Paul Hoggett is a psychoanalytic psychotherapist and Emeritus Professor of Social Policy at UWE, Bristol where, with Simon Clarke, he was a Director of the Centre for Psycho-Social Studies. In 2012, with Adrian Tait, he founded the Climate Psychology Alliance (CPA) and was its first chair. He recently edited a collection of CPA research papers, Climate Psychology: On Indifference to Disaster (2019, Palgrave Macmillan) and along with Wendy Hollway, Chris Robertson and Sally Weintrobe has a new book out with Phoenix called Climate Psychology: A Matter of Life and Death. Paul’s previous books have included Politics, Identity and Emotion (2009, Paradigm) and Partisans in an Uncertain World (1992, Free Association Books).

Abstract

Climate psychology, as a social critique and as an emancipatory practice, began to take off in 2009 in the aftermath of the disappointment of COP 15 in Copenhagen. A psycho-social approach was central to this development. It informed the way in which the Climate Psychology Alliance (CPA) approached the question of individual and cultural disavowal and subsequently, as more and more of the global North appeared to come out of disavowal, it informed our exploration of climate-related anxiety and despair. And in undertaking this exploration we began to understand how such existential precarities, so new to the wealthy of the North, were so familiar to the lives of the billions inhabiting rest of the globe.

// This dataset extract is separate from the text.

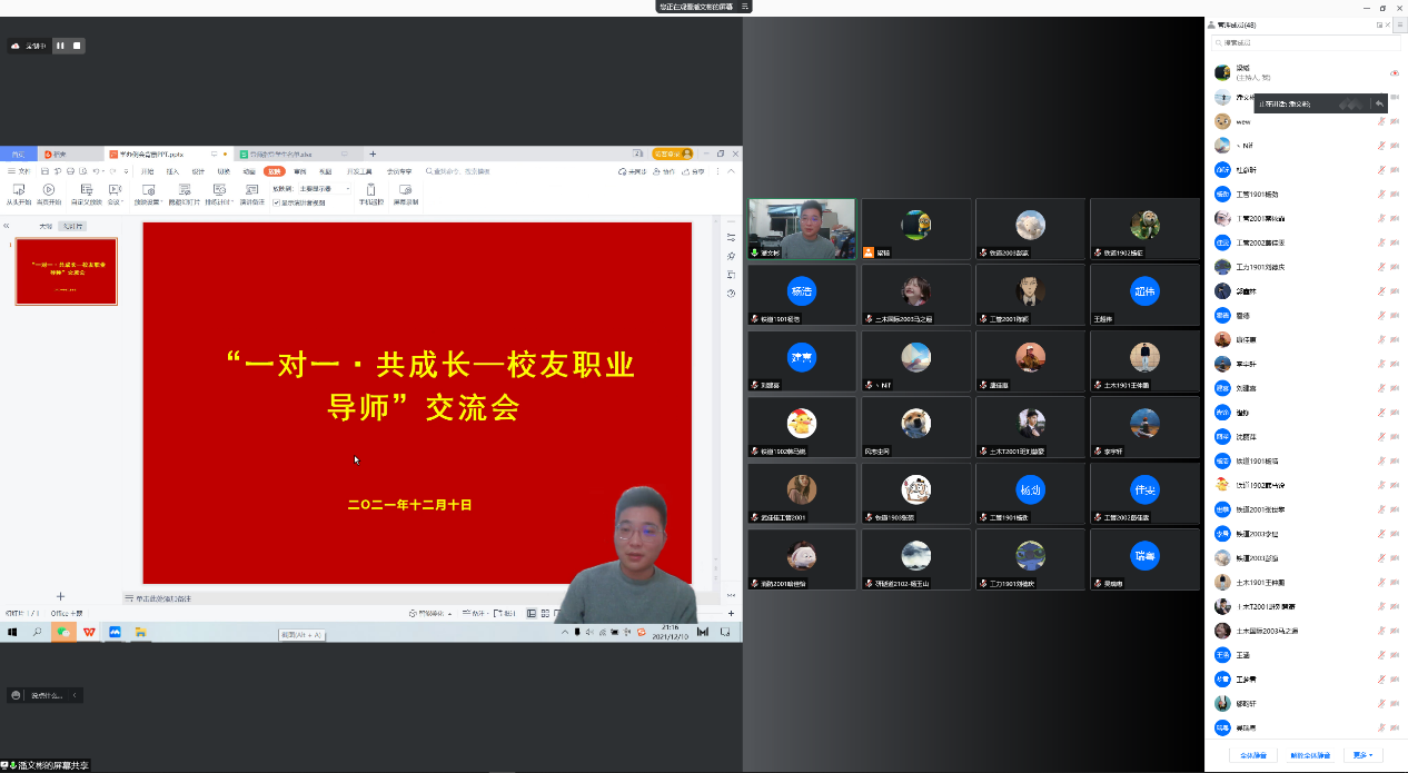 12月10日晚9点,由学院团委副书记潘文彬老师主持开展线上会议,为学生介绍了此次校友职业导师计划的工作安排及相关事项。本次活动从多家优质单位中择优选择了16位校友职业导师,通过beat365英国官方网站研究生会发放报名通知,并为报名的46名同学按照志愿匹配了合适的导师。

Twelve years later we have had to endure perhaps the even deeper disappointment of COP 26 at Glasgow and now, as I write, of a world perhaps already tipping into a state of permanent ecological and social disruption and collapse. That social and political chaos would swiftly attend climate chaos was an idea that many within the climate movement had anticipated. During these twelve years we have been forced to question many of our self-limiting assumptions and have been led towards new realisations – that we need to go beyond the psycho-social to the ‘eco-psycho-social’; of just how deeply racism, classism and patriarchy constrain the way in which ‘we’ see ourselves and the world; indeed of just how specific and partial this ‘we’ is that ‘we’ speak of.

Shelot Masithi:

Climate Change and Thirst

Biography

Shelot is a young environmental activist from South Africa. She is a psychology student with a passion for collective interventions for mankind’s collective trauma. She is the founder of She4Earth; an organisation that’s educating children and youths about environmental crises with solutions rooted in Ubuntu. She is a volunteer at Force of Nature, a Social Change Ambassador at Thred Media, and YOUNGA 2021 Youth Delegate. She is also an author and a passionate hiker.

Abstract

The psychology of not having enough water to drink is immediate – this has heightened widespread anxiety and frustration amongst people, especially youths. As a young person, I am torn between solving the climate issues I live with daily and being a youth free of this burden. World leaders pledged, not just to us in this room, but to the whole world during COP26, that they’ll put an end to climate inaction. However, it is frightening that we have not seen them since. Suffocating in thirst, eco-anxiety and the trauma left by climate catastrophes, young people like me continue to be the bigger person in the room.

Individual psychology is a largely British import into the African continent. Psycho-social Studies and Climate Psychology have the intention of shedding or at least reforming that legacy by paying respectful attention to the more collective traditions of the colonised world. If we took the perspective of ubuntu and applied it to water scarcity and the collective experience of thirst, where will that lead a community like my own to go beyond post-COP inaction and take into our own hands the prospect of improving that frightening future?

This is what I shall begin to map in my talk.